[[ Records for processing, beginning ]]

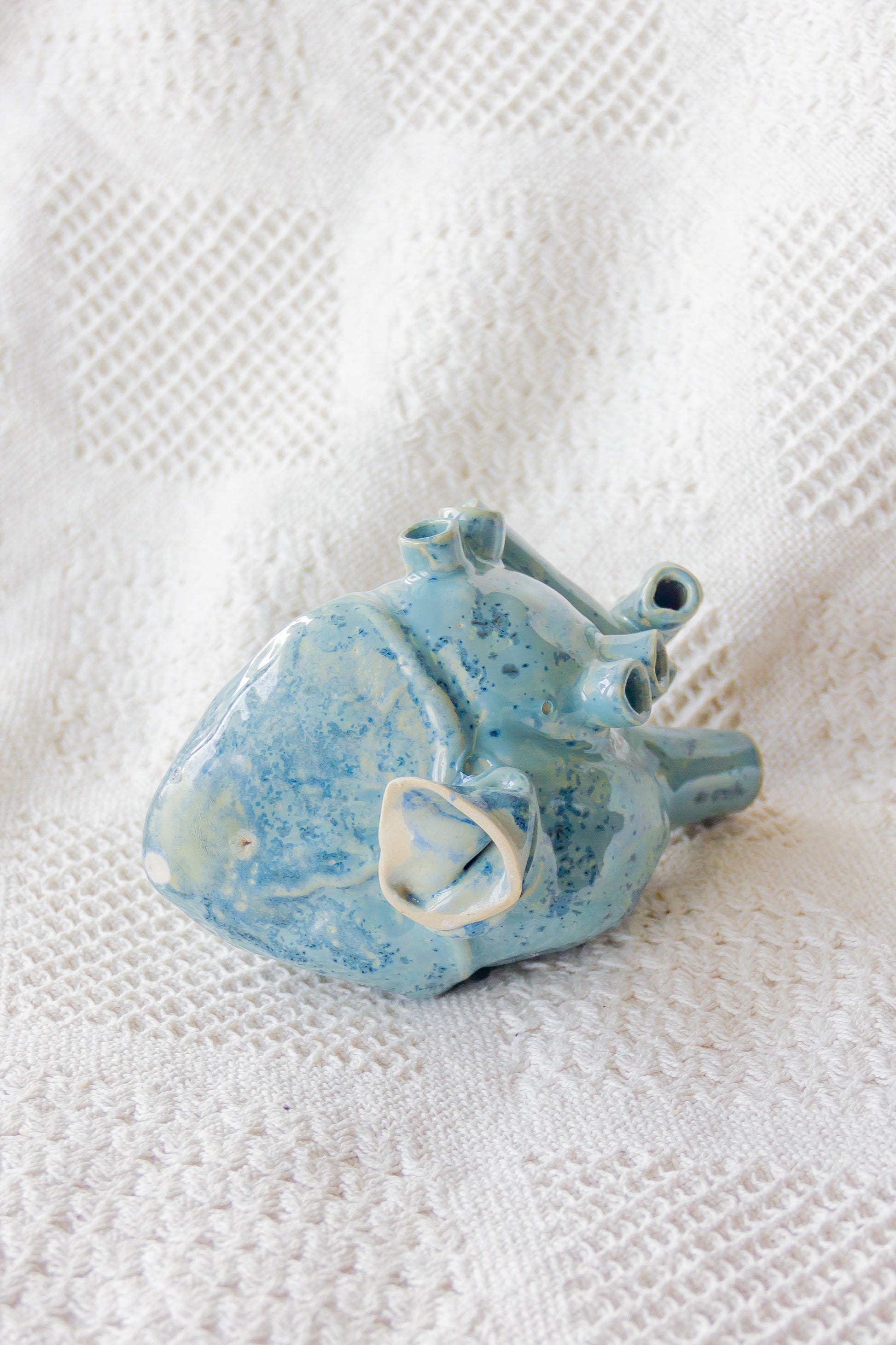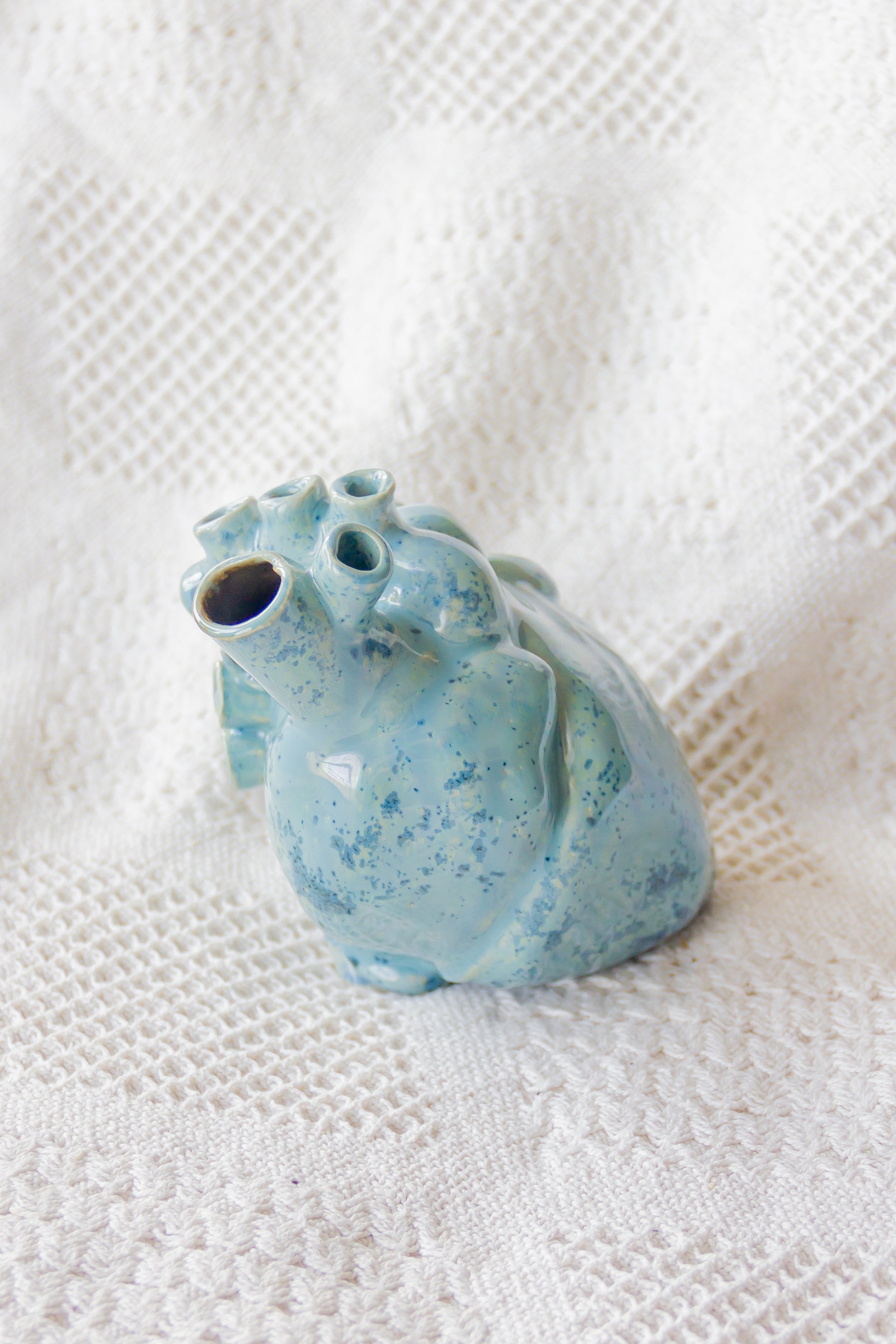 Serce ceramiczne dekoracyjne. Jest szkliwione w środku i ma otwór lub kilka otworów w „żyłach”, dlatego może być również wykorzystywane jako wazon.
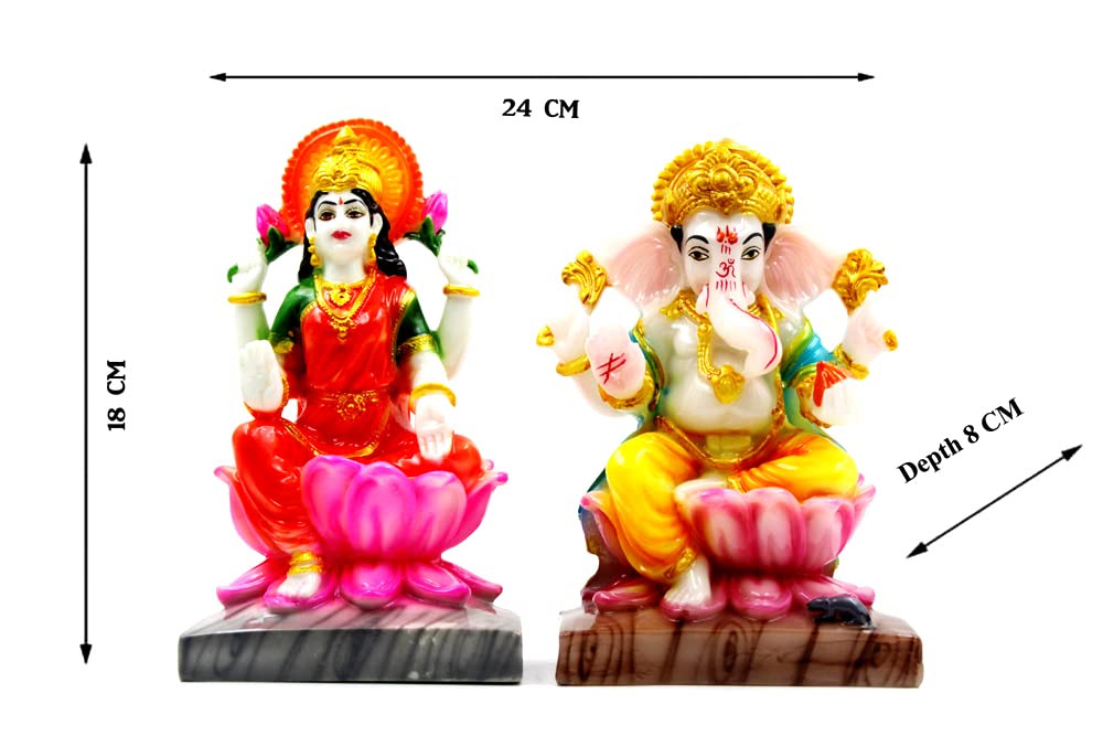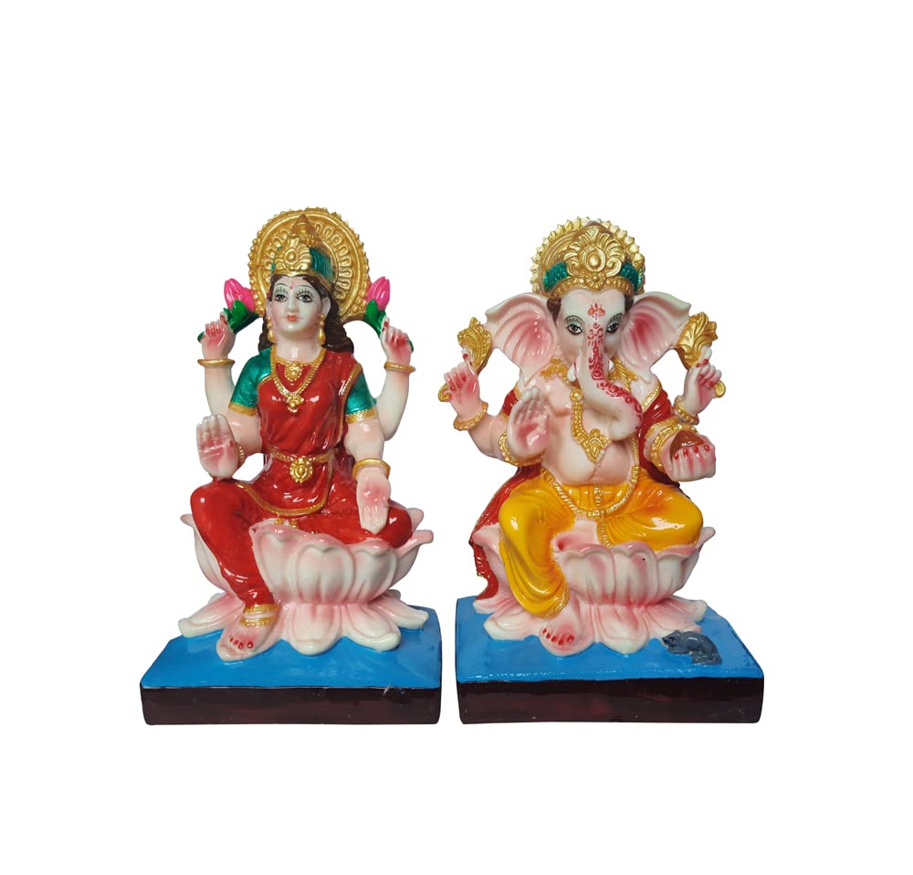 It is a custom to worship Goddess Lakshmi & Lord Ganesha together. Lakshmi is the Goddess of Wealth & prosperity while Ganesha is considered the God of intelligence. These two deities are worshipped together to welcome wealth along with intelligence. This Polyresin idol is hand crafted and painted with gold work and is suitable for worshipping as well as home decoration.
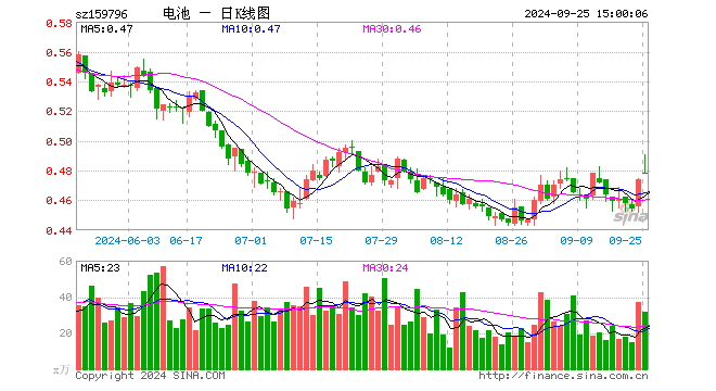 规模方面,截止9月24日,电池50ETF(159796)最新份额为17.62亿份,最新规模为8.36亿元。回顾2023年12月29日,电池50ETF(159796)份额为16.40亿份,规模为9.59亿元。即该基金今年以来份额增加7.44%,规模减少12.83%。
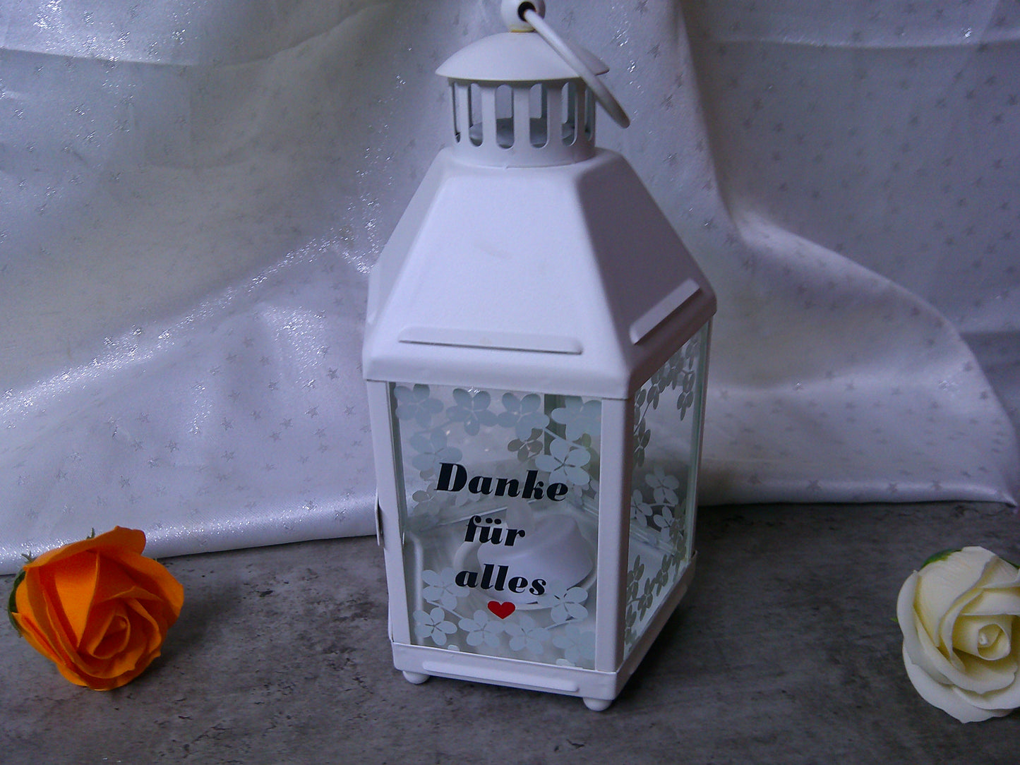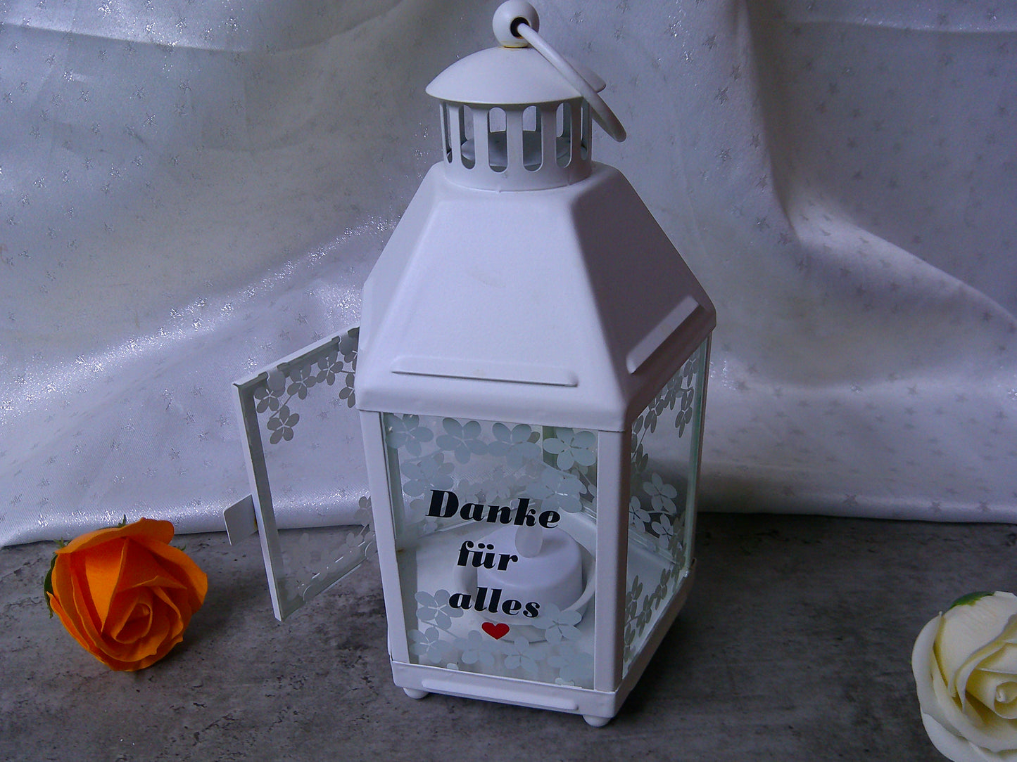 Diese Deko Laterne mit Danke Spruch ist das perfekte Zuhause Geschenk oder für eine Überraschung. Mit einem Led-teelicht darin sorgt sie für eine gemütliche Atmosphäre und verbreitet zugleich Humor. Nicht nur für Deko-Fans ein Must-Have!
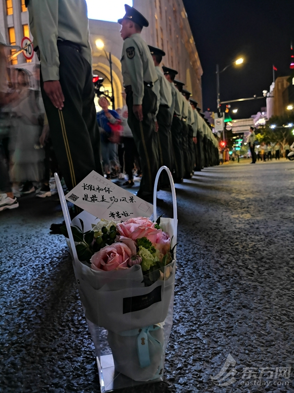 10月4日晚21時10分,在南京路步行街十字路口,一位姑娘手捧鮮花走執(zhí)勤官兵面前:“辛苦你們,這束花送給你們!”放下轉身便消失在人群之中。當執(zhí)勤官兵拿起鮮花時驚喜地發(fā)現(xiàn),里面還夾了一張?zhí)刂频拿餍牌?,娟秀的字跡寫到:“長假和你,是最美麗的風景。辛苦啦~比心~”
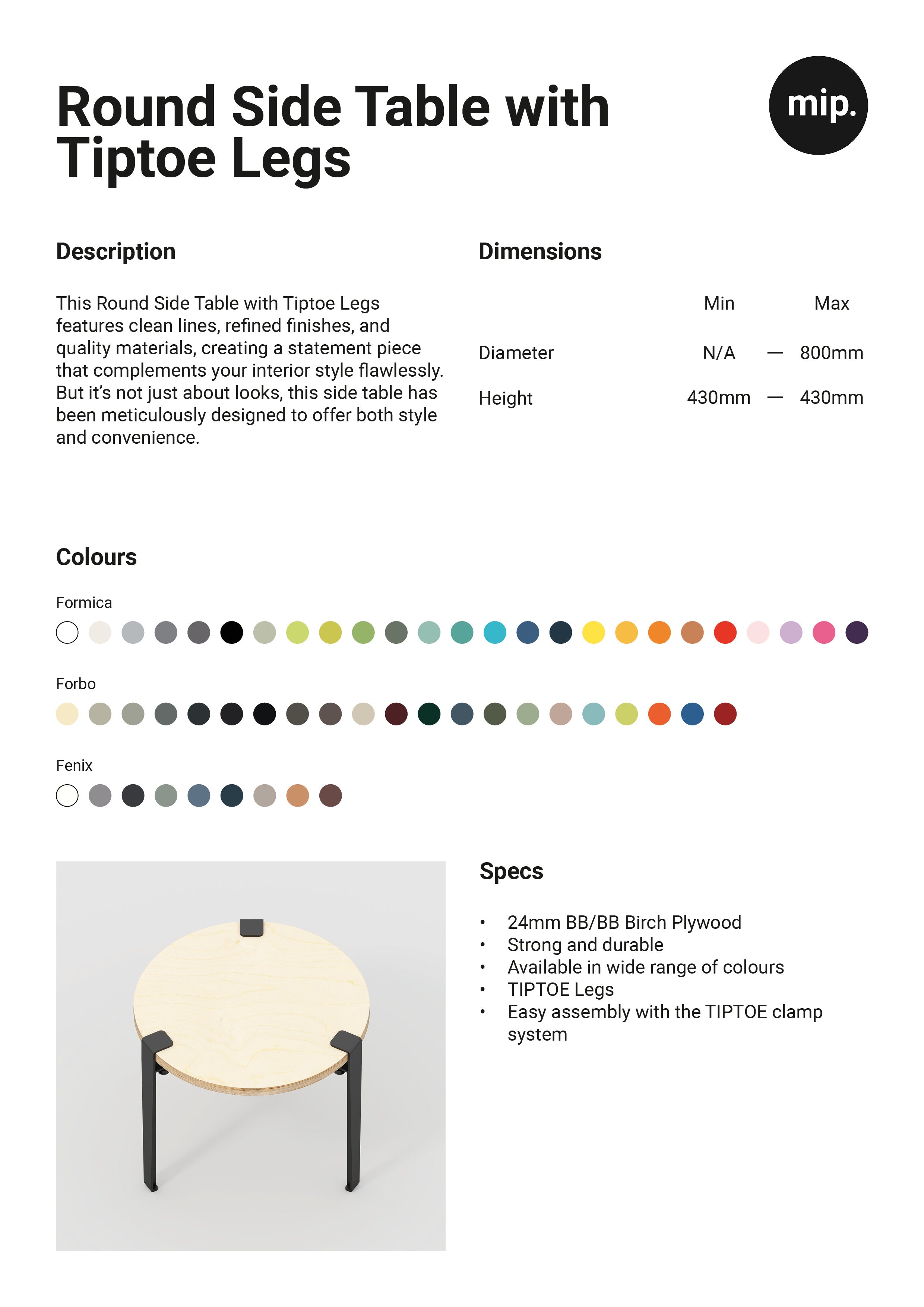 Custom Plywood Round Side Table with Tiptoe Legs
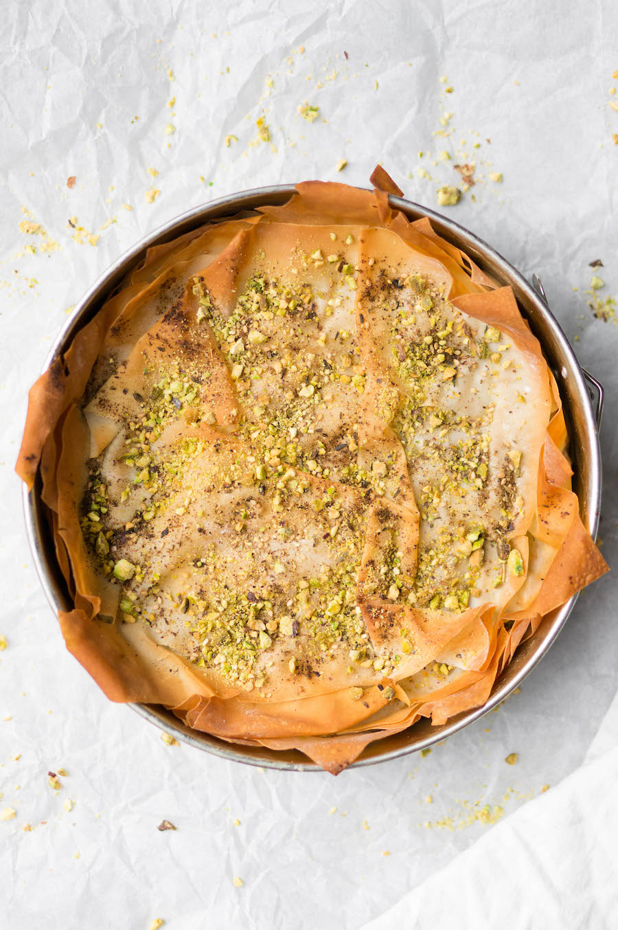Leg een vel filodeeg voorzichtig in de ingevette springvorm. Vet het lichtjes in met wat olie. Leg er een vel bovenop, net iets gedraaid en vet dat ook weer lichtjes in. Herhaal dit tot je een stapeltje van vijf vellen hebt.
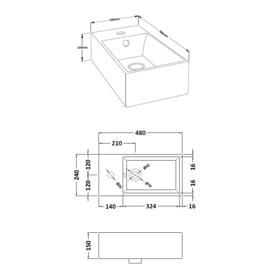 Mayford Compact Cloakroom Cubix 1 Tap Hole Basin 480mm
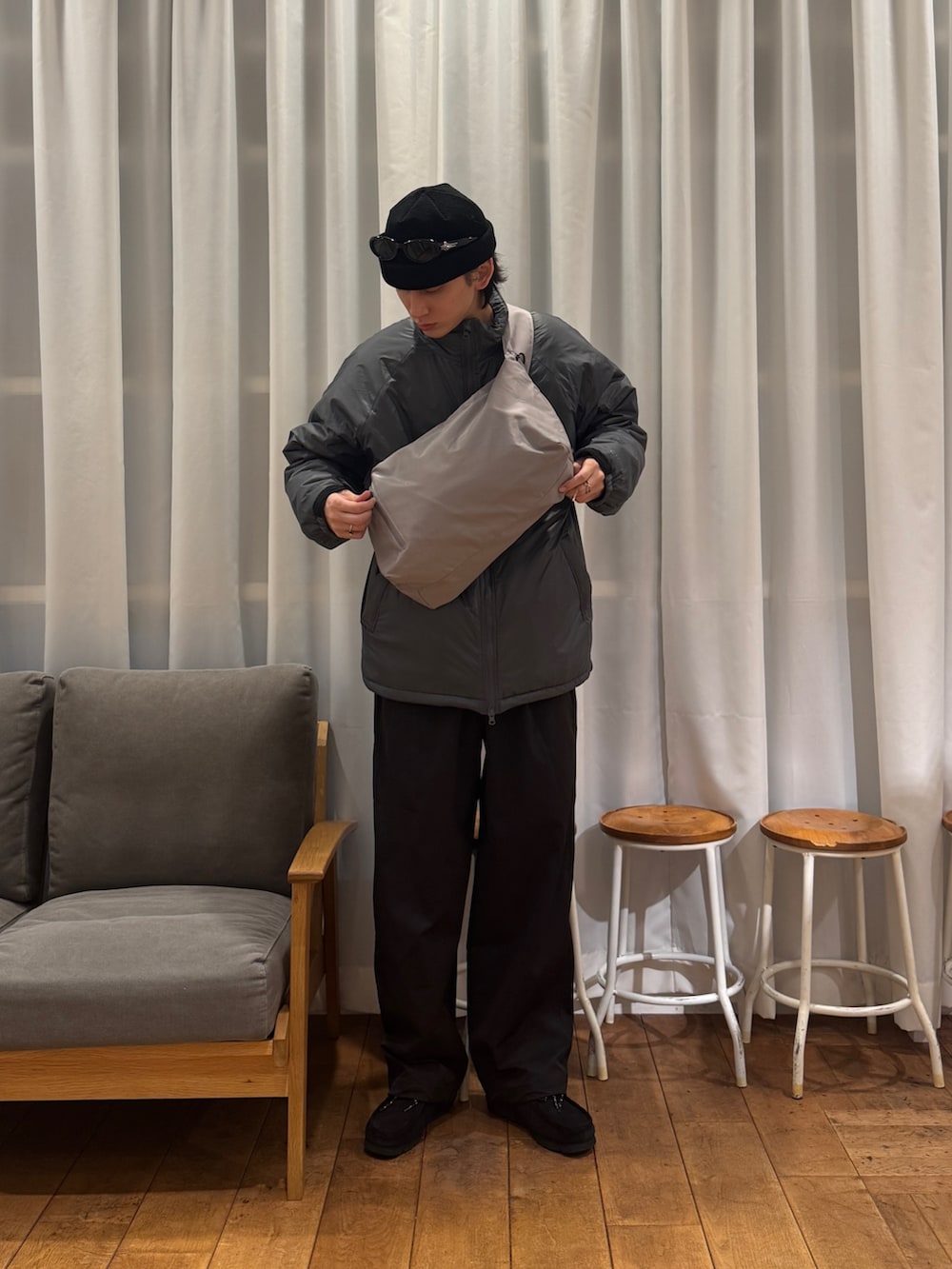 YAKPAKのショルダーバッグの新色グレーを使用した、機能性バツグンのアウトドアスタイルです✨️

[[ Records for processing, end ]]

Please transcribe exactly the part of the records that opens with the line containing "It is a custom" and closes with the line containing "规模方面,截止9月24日,电", both ends included, and leave out the pictures.

 It is a custom to worship Goddess Lakshmi & Lord Ganesha together. Lakshmi is the Goddess of Wealth & prosperity while Ganesha is considered the God of intelligence. These two deities are worshipped together to welcome wealth along with intelligence. This Polyresin idol is hand crafted and painted with gold work and is suitable for worshipping as well as home decoration.
 规模方面,截止9月24日,电池50ETF(159796)最新份额为17.62亿份,最新规模为8.36亿元。回顾2023年12月29日,电池50ETF(159796)份额为16.40亿份,规模为9.59亿元。即该基金今年以来份额增加7.44%,规模减少12.83%。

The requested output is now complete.